A matrícula das viaturas usadas pelos papas é habitualmente "SCV 1", significando "Stato della Città del Vaticano" (designação, em italiano, de "Estado da Cidade do Vaticano"), com o algarismo a representar a posição do papa na hierarquia da Igreja Católica.

A partir de 1980, o papamóvel passa a ser pintado de branco, com as armas do Vaticano, e inclui uma cúpula de plástico transparente, removível, com sistema de climatização e de iluminação, de modo a permitir que o papa possa viajar sentado ou em pé, podendo ver e ser visto por todos.

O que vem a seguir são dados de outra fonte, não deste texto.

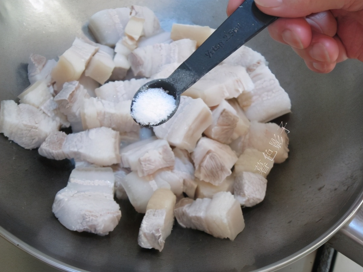 2,猪肉要用水焯一下,这样炖的肉,没有沫子,而且解腥腻。植物油热把肉放入锅内,加1勺盐。
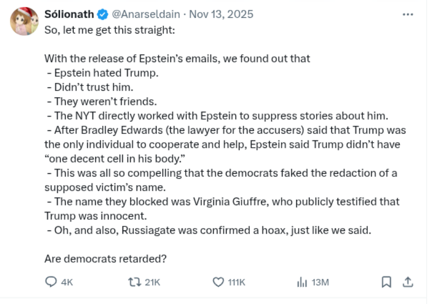 In other news, the left continues to ignore irrefutable proof that Plaskett was collaborating with Epstein during a congressional hearing, and relied on him as a major donor.
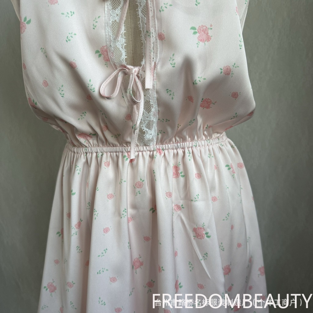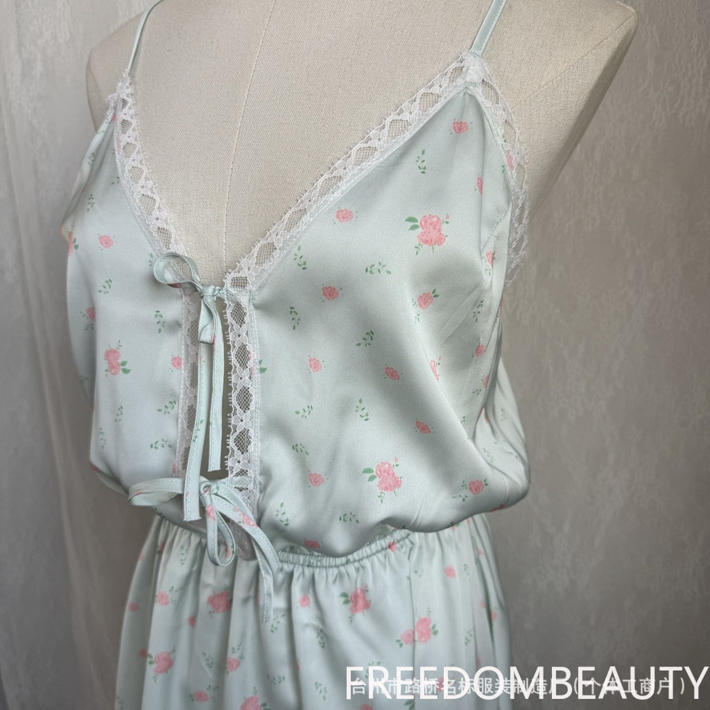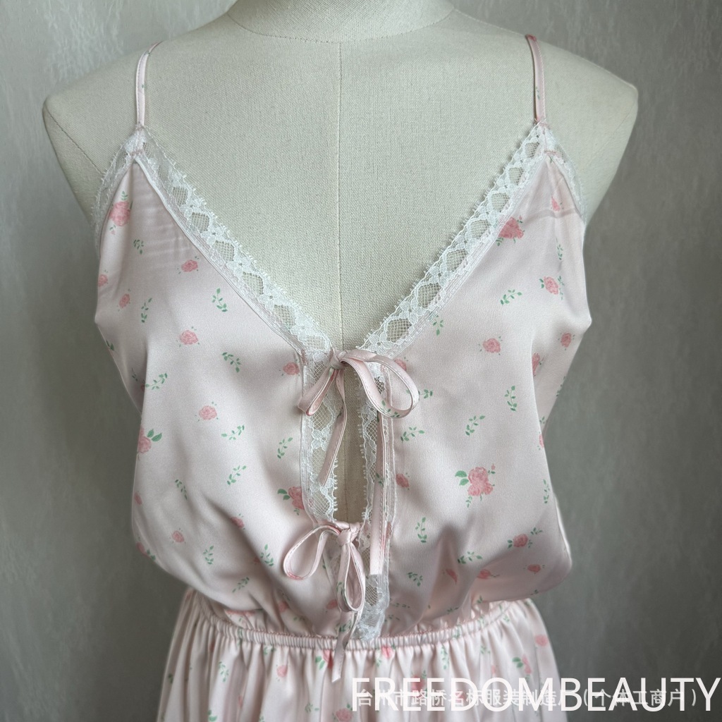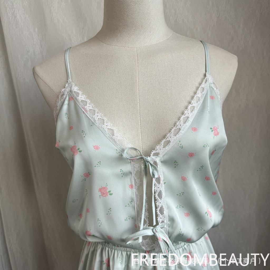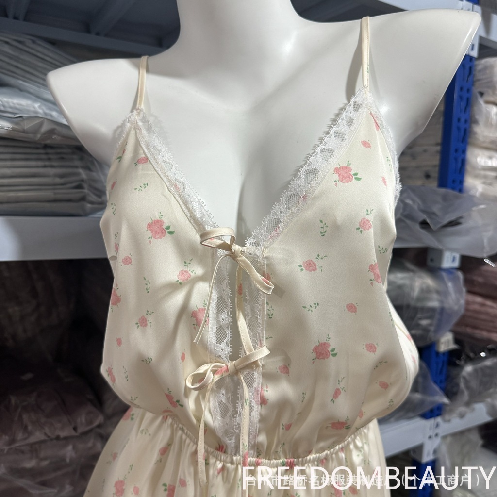 FREEDOMBEAUTY | 71060 Summer ice silk nightdress with chest pad thin ins wind floral lace edge cute pajamas loungewear Nana

Nas viagens do Papa, a regra geral é que o papamóvel seja enviado do Vaticano para os locais a visitar, mas essa norma nem sempre tem sido aplicada, refere a página oficial da visita de Bento XVI a Portugal.

Em Portugal, o papa João Paulo II utilizou um papamóvel de fabrico português: um veículo todo-o-terreno da extinta marca UMM, de cor branca, usado em 1991 na deslocação à Madeira.

O veículo, que se encontra no Funchal, foi também utilizado para transportar, em 2009, a imagem da Virgem Peregrina de Fátima na visita à diocese.

O mais inesperado veículo utilizado por um papa é um velho Renault 4L, com mais de 300 mil quilómetros, que o papa Francisco usa para se deslocar em Roma.